Work request: Find the line below with "พิพิธภัณฑ์เรือวาซา" and the line with "Hittanos kirándulás, Legény-barlang". Output them and the lines between, exactly, but not the pictures.

* * * * *

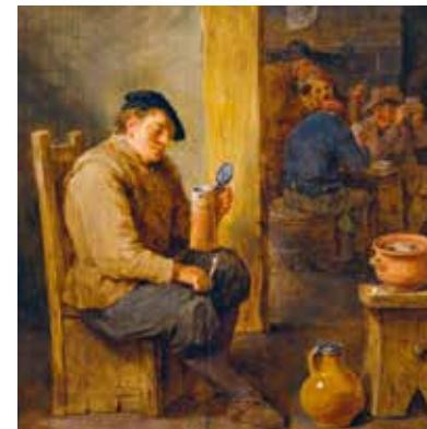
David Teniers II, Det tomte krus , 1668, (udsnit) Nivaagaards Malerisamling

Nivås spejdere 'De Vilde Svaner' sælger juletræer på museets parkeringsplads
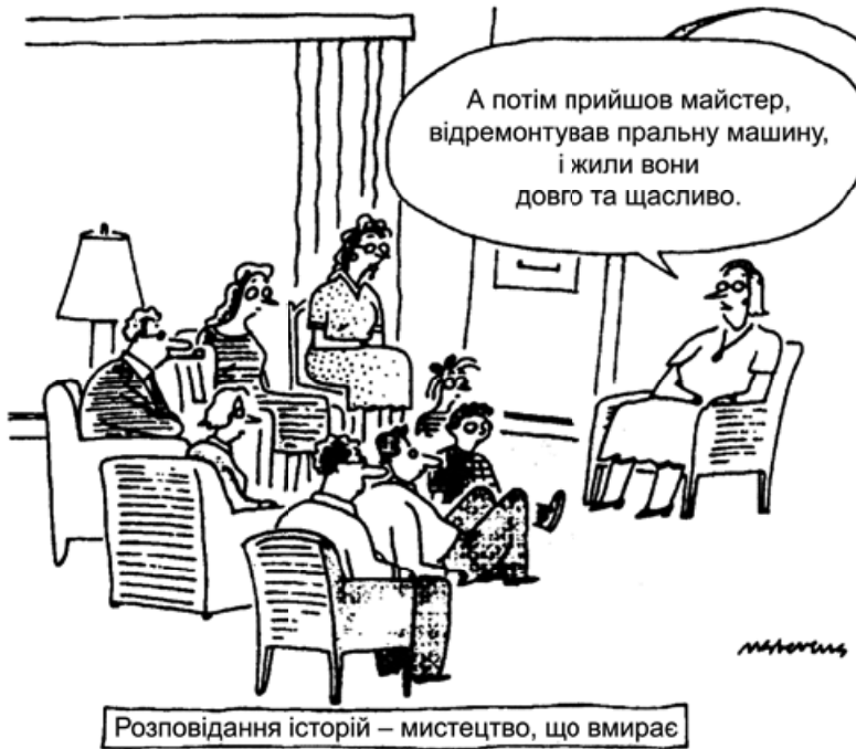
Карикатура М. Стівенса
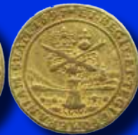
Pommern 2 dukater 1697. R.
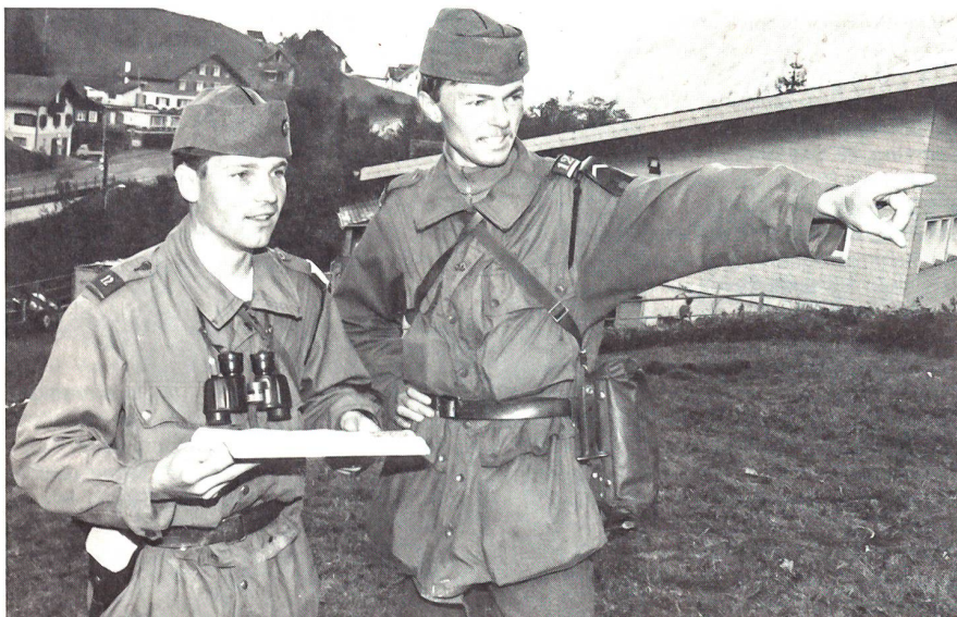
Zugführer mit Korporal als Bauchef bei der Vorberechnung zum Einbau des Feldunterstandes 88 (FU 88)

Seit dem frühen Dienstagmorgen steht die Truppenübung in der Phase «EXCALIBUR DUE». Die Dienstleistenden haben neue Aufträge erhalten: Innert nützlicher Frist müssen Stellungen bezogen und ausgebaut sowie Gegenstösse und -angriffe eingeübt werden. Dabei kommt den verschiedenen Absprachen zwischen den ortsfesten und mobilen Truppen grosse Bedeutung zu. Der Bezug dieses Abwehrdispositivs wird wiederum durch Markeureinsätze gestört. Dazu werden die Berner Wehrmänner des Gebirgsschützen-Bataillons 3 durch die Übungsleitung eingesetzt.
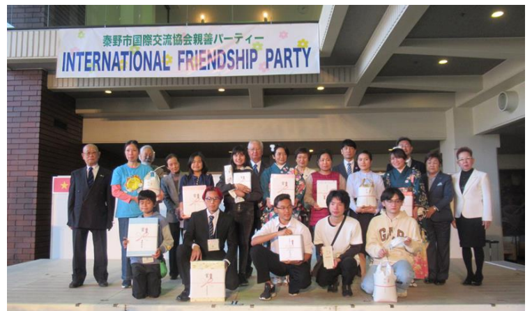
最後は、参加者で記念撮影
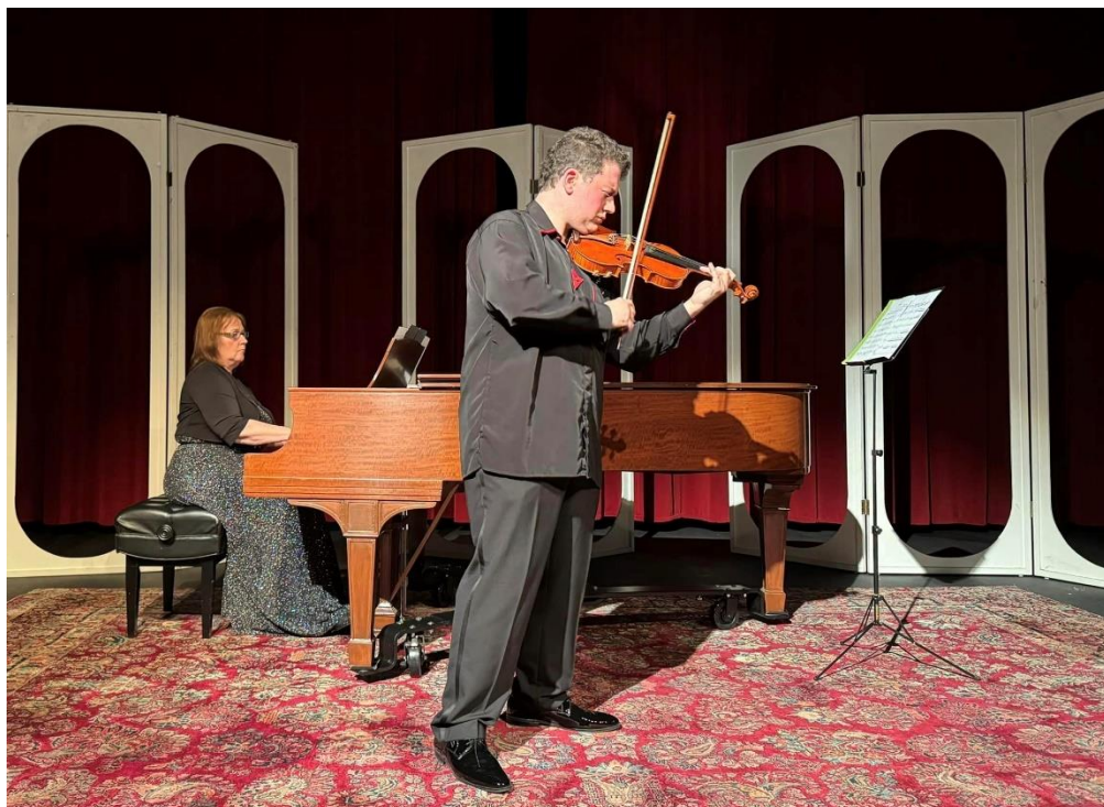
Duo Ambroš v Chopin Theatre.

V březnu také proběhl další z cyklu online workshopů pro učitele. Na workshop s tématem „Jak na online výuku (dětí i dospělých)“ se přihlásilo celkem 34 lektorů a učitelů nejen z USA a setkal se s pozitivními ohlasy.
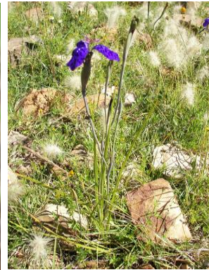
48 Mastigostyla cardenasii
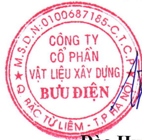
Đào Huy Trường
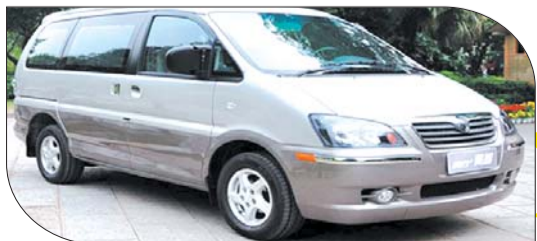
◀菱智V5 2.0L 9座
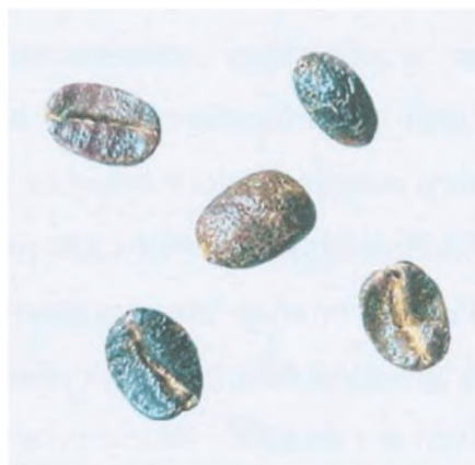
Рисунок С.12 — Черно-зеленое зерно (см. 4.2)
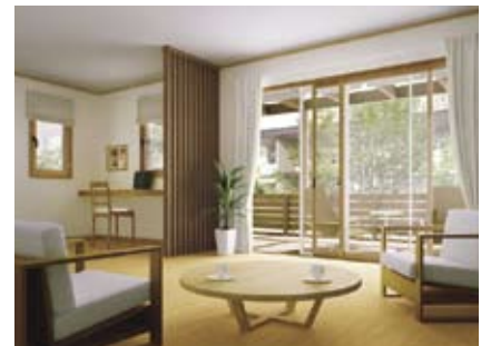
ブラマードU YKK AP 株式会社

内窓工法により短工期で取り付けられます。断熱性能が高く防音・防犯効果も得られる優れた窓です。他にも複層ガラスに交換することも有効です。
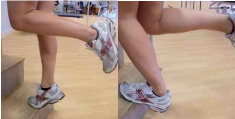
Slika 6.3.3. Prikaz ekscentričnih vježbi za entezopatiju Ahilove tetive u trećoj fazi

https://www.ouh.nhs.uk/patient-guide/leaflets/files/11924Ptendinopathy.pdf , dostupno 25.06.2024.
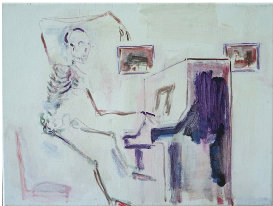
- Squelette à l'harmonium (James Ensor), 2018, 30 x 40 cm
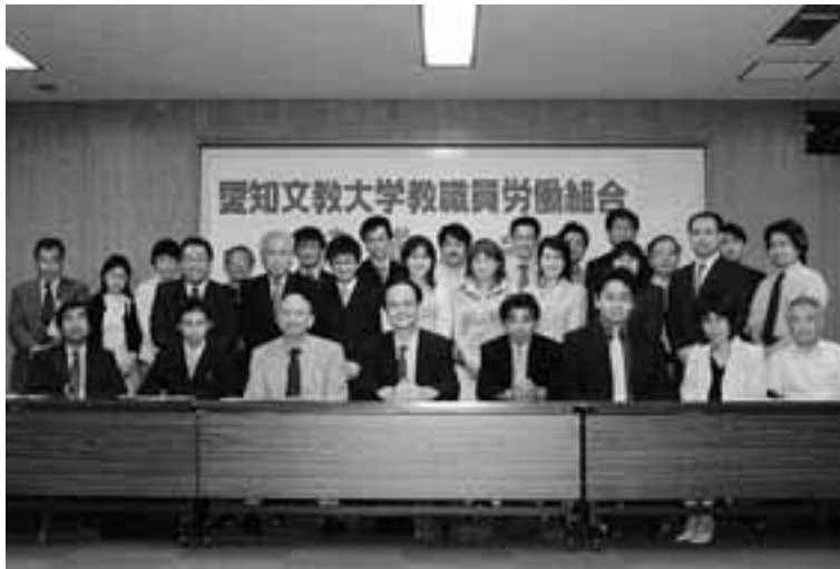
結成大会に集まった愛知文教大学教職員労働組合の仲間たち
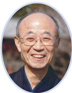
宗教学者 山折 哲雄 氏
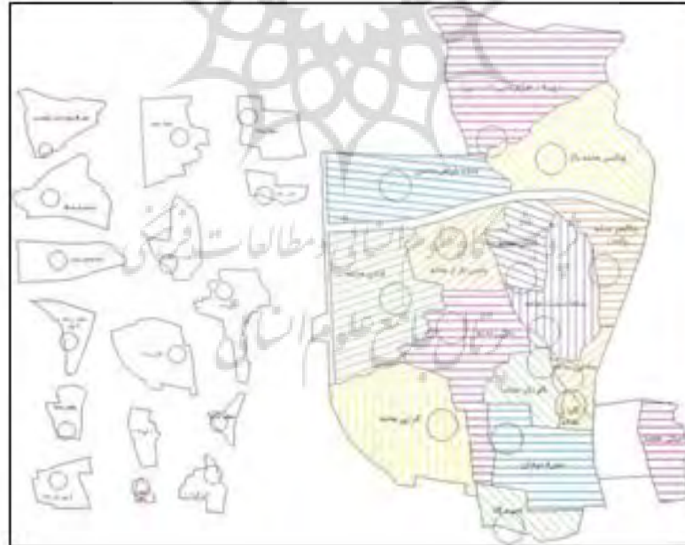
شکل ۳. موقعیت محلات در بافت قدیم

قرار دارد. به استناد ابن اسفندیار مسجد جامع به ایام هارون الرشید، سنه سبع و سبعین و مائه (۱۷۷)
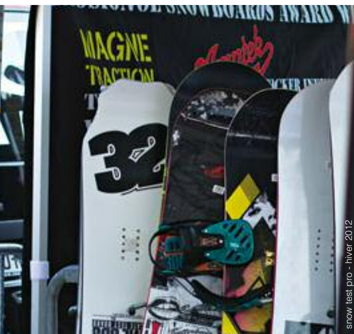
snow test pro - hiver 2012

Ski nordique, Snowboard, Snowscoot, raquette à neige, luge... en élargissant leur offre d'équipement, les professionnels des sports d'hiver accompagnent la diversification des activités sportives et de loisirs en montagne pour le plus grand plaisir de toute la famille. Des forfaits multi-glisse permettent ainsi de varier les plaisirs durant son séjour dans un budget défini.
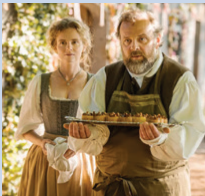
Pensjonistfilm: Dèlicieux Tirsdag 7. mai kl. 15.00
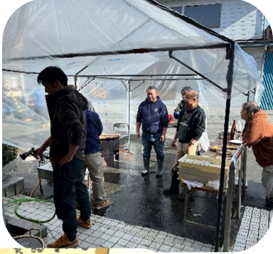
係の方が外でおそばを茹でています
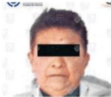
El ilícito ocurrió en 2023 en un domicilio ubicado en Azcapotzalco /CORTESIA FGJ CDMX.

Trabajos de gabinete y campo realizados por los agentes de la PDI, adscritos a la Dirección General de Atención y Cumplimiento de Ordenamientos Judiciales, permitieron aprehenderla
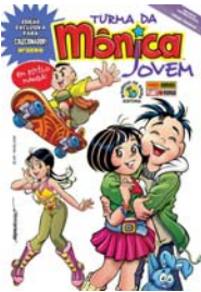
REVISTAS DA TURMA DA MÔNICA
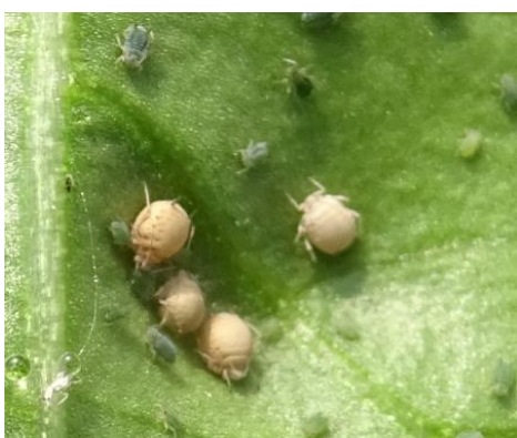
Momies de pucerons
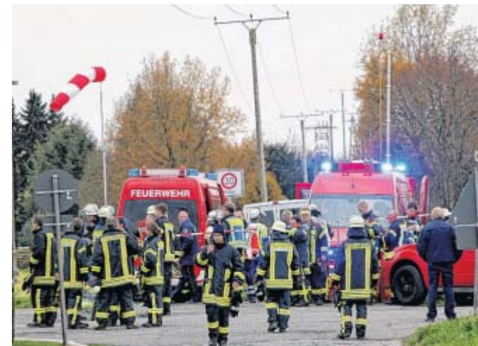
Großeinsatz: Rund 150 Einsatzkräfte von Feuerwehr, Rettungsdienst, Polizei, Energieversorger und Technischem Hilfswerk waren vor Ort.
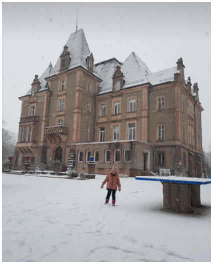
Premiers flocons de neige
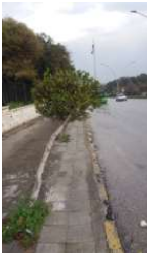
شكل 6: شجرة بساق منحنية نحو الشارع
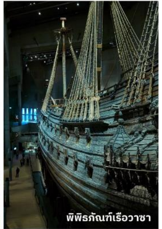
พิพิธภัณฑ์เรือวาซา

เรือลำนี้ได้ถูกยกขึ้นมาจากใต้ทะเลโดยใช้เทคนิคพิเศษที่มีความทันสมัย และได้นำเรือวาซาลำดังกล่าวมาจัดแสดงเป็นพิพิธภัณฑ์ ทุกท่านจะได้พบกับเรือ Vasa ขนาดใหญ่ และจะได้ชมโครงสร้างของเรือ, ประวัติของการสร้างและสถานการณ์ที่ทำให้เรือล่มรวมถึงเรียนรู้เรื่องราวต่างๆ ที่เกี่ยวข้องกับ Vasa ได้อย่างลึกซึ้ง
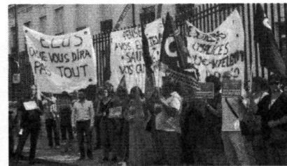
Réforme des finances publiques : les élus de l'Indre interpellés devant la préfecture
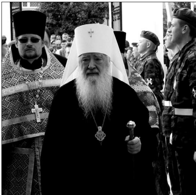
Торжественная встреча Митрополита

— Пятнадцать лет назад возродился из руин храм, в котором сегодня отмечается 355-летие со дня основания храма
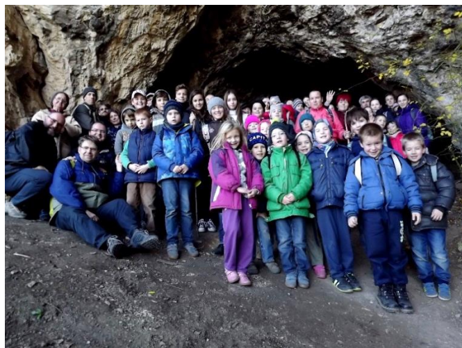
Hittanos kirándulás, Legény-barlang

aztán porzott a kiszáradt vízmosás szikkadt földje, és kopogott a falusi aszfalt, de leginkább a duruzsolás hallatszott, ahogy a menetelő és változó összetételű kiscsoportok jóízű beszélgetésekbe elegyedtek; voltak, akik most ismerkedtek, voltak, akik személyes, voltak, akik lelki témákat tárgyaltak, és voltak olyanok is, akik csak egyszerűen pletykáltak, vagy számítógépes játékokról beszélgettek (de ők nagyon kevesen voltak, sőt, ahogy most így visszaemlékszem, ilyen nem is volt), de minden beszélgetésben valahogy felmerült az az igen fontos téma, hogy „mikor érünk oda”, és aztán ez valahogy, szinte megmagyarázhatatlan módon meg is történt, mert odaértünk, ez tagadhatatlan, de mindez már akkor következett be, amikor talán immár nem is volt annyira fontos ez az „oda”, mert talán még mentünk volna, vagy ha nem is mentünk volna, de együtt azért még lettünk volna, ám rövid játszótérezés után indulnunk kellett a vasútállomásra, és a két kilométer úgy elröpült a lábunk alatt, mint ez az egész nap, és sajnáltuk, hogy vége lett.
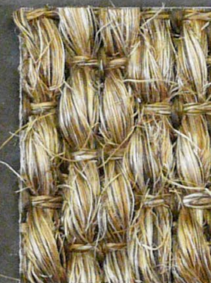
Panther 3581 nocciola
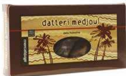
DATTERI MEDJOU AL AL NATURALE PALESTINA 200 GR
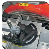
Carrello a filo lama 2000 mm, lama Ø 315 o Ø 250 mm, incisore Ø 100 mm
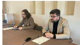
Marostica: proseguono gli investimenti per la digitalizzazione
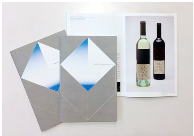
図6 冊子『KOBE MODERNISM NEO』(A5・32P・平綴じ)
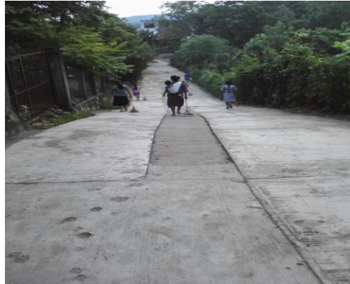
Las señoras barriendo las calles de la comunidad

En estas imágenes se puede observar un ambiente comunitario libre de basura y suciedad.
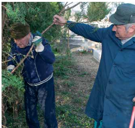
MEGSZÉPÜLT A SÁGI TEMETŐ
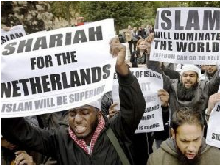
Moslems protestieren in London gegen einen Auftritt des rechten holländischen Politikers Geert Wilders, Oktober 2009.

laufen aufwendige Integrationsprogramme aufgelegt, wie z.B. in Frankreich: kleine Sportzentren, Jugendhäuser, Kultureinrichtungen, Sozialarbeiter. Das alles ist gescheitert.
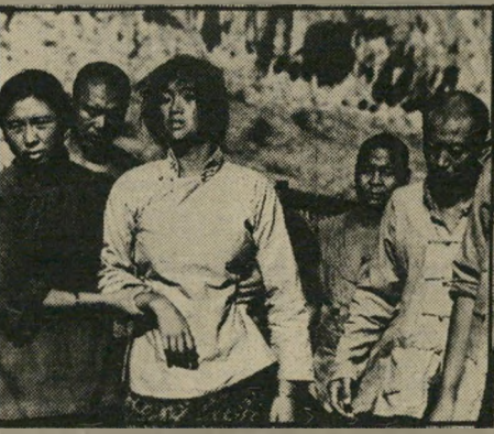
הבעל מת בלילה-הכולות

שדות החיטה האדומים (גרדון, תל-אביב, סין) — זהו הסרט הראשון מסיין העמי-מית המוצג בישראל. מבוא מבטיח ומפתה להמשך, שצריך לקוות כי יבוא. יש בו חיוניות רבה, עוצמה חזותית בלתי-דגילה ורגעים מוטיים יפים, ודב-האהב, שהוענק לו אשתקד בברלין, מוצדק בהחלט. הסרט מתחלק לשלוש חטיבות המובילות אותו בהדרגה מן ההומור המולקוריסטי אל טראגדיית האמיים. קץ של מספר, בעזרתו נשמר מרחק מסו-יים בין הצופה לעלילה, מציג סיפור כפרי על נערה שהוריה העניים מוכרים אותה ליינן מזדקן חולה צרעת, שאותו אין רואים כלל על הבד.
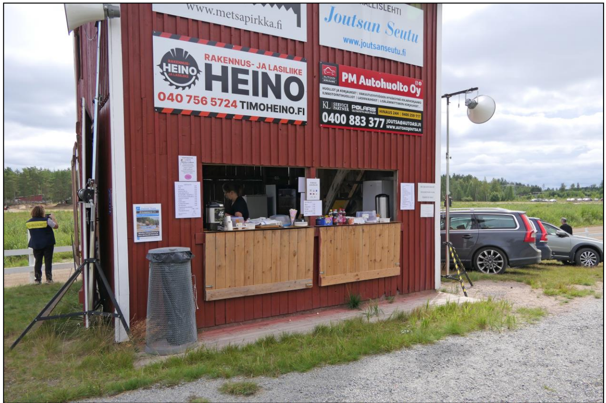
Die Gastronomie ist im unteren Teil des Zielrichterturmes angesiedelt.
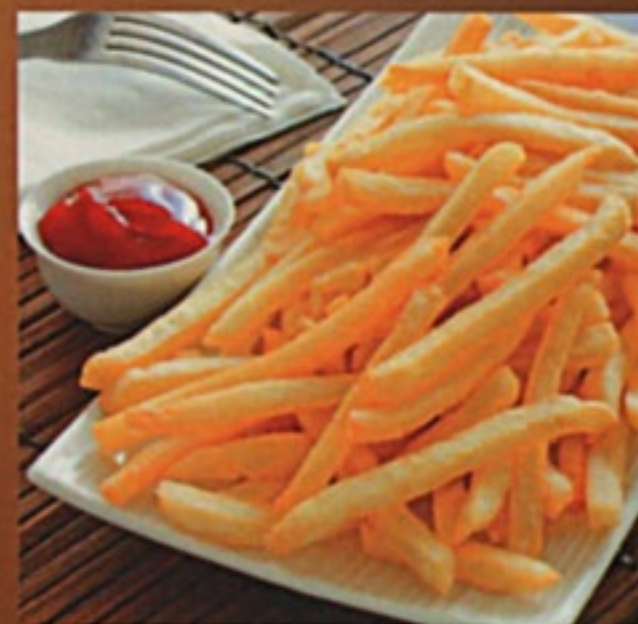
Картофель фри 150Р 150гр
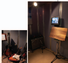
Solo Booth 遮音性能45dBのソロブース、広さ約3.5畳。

* * * * *

Response area:
พิพิธภัณฑ์เรือวาซา

เรือลำนี้ได้ถูกยกขึ้นมาจากใต้ทะเลโดยใช้เทคนิคพิเศษที่มีความทันสมัย และได้นำเรือวาซาลำดังกล่าวมาจัดแสดงเป็นพิพิธภัณฑ์ ทุกท่านจะได้พบกับเรือ Vasa ขนาดใหญ่ และจะได้ชมโครงสร้างของเรือ, ประวัติของการสร้างและสถานการณ์ที่ทำให้เรือล่มรวมถึงเรียนรู้เรื่องราวต่างๆ ที่เกี่ยวข้องกับ Vasa ได้อย่างลึกซึ้ง
Réforme des finances publiques : les élus de l'Indre interpellés devant la préfecture
Торжественная встреча Митрополита

— Пятнадцать лет назад возродился из руин храм, в котором сегодня отмечается 355-летие со дня основания храма
Hittanos kirándulás, Legény-barlang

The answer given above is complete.